Shorter remained in Davis’s band after the breakup of the quintet in 1968, playing on early jazz fusion recordings including In a Silent Way and Bitches Brew (both 1969). His last live dates and studio recordings with Davis were in 1970.

Until 1968, he played tenor saxophone exclusively. The final album on which he played tenor in the regular sequence of Davis albums was Filles de Kilimanjaro. In 1969, he played the soprano saxophone on the Davis album In a Silent Way and on his own Super Nova (recorded with then-current Davis sidemen Chick Corea and John McLaughlin). When performing live with Davis, and on recordings from summer 1969 to early spring 1970, he played both soprano and tenor saxophones; by the early 1970s, however, he chiefly played soprano.

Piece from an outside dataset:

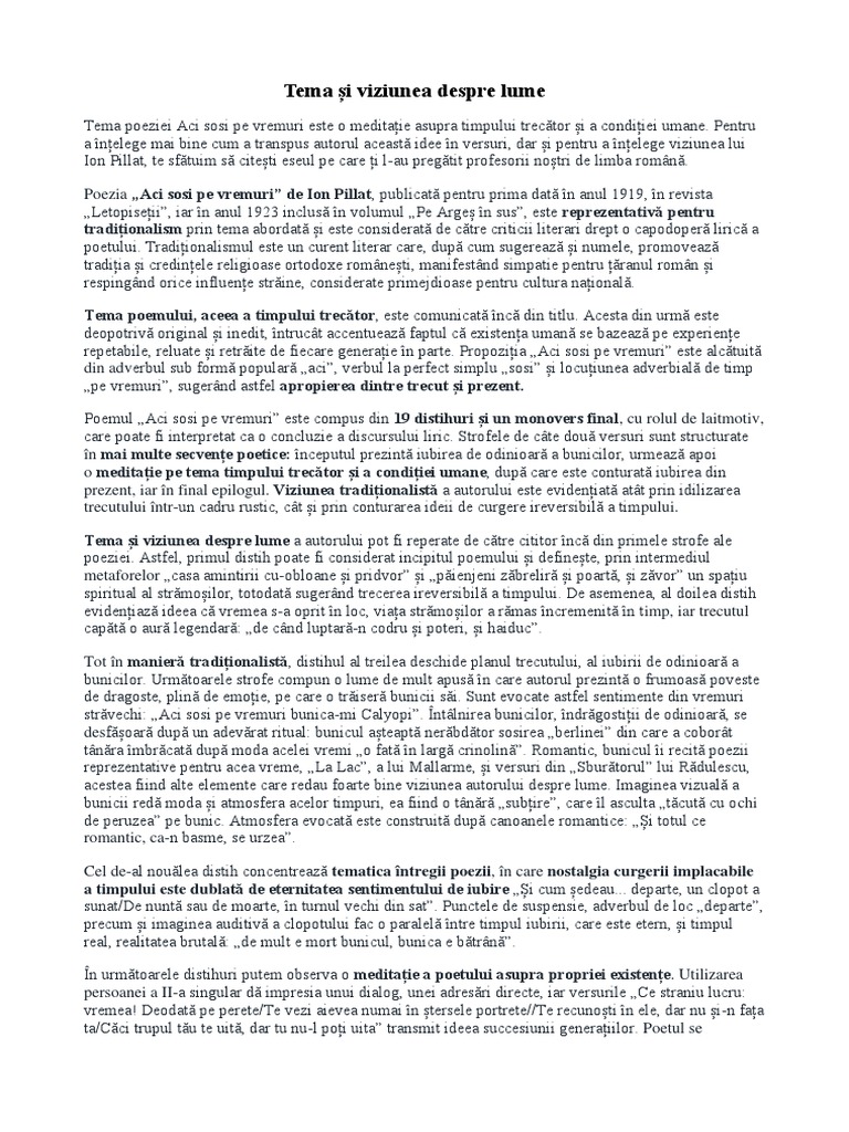 Pentru a înțelege mai bine cum a transpus autorul această idee în versuri dar și pentru a înțelege viziunea lui ion pillat te sfătuim să citești eseul pe care ți l au pregătit profesorii noștri de limba română. Aci sosi pe vremuri. Poezia aci sosi pe vremuri este de factur tradiionalist inclus n volumul pe. Tema si viziunea despre lume aci sosi pe vremuri 1 mai 2019 de staff editorial on pillat este unul dintre cei mai reprezentativi poeți din perioada interbelică inceputul secolului xx prevede o luptă importantă între curentele literare.

Simultaneous with his time in the Davis quintet, Shorter recorded several albums for Blue Note Records, featuring almost exclusively his own compositions, with a variety of line-ups, quartets and larger groups, including Blue Note favourites such as Freddie Hubbard. His first Blue Note album (of 11 in total recorded from 1964 to 1970) was Night Dreamer, recorded at Rudy Van Gelder’s studio in 1964 with Lee Morgan, McCoy Tyner, Reggie Workman and Elvin Jones.

JuJu and Speak No Evil are well known recordings from this era. Shorter’s compositions on these albums are notable for their use of pentatonic melodies harmonised with pedal points and complex harmonic relationships; structured solos that reflect the composition’s melody as much as its harmony; and long rests as an integral part of the music, in contrast with other, more effusive, players of the time such as John Coltrane.

The later album The All Seeing Eye was a workout with a larger group, while Adam’s Apple of 1966 was back to carefully constructed melodies by Shorter leading a quartet. Then a sextet again in the following year for Schizophrenia with Hancock and Carter plus trombonist Curtis Fuller, alto saxophonist/flautist James Spaulding and strong rhythms by drummer Joe Chambers.

Shorter also recorded occasionally as a sideman (again, mainly for Blue Note) with Donald Byrd, Tyner, Grachan Moncur III, Hubbard, Morgan, and bandmates Hancock and Williams.